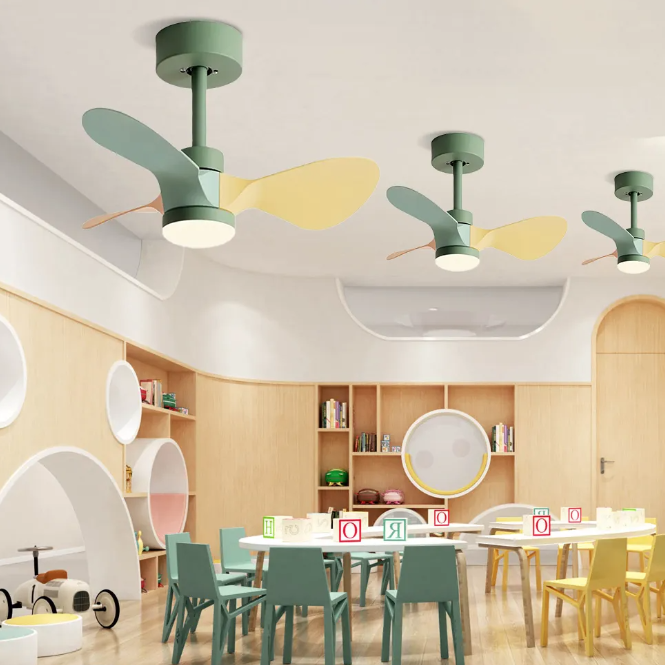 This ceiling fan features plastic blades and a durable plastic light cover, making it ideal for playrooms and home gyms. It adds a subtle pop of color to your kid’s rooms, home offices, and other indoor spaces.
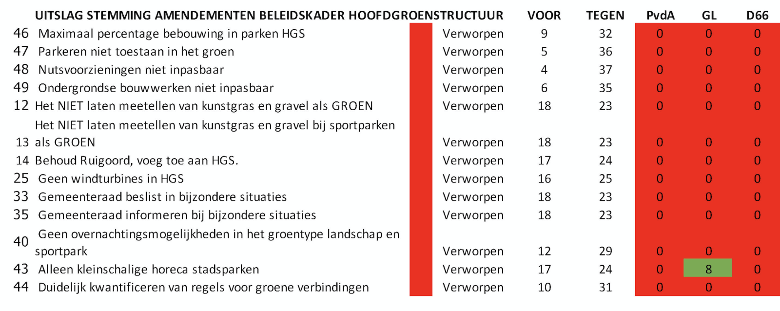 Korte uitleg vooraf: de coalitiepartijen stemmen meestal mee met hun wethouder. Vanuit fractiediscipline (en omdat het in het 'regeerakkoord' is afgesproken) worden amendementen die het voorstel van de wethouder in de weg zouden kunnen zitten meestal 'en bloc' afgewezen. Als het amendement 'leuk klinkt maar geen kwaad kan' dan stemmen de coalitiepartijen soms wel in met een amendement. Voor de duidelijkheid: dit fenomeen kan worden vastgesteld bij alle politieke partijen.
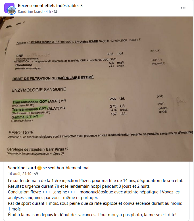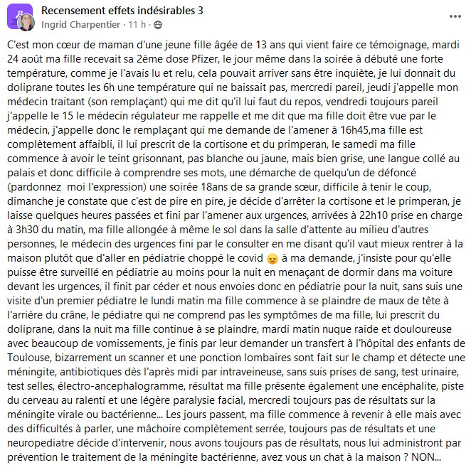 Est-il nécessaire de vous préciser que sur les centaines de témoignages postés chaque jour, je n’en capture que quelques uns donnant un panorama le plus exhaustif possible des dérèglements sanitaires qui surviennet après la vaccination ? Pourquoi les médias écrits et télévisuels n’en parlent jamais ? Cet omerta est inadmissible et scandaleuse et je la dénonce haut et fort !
============
= Problem to solve =
Line by line, output the material above exactly, passing over the pictures.

= Response for this exercise =
 This ceiling fan features plastic blades and a durable plastic light cover, making it ideal for playrooms and home gyms. It adds a subtle pop of color to your kid’s rooms, home offices, and other indoor spaces.
 Korte uitleg vooraf: de coalitiepartijen stemmen meestal mee met hun wethouder. Vanuit fractiediscipline (en omdat het in het 'regeerakkoord' is afgesproken) worden amendementen die het voorstel van de wethouder in de weg zouden kunnen zitten meestal 'en bloc' afgewezen. Als het amendement 'leuk klinkt maar geen kwaad kan' dan stemmen de coalitiepartijen soms wel in met een amendement. Voor de duidelijkheid: dit fenomeen kan worden vastgesteld bij alle politieke partijen.
 Est-il nécessaire de vous préciser que sur les centaines de témoignages postés chaque jour, je n’en capture que quelques uns donnant un panorama le plus exhaustif possible des dérèglements sanitaires qui surviennet après la vaccination ? Pourquoi les médias écrits et télévisuels n’en parlent jamais ? Cet omerta est inadmissible et scandaleuse et je la dénonce haut et fort !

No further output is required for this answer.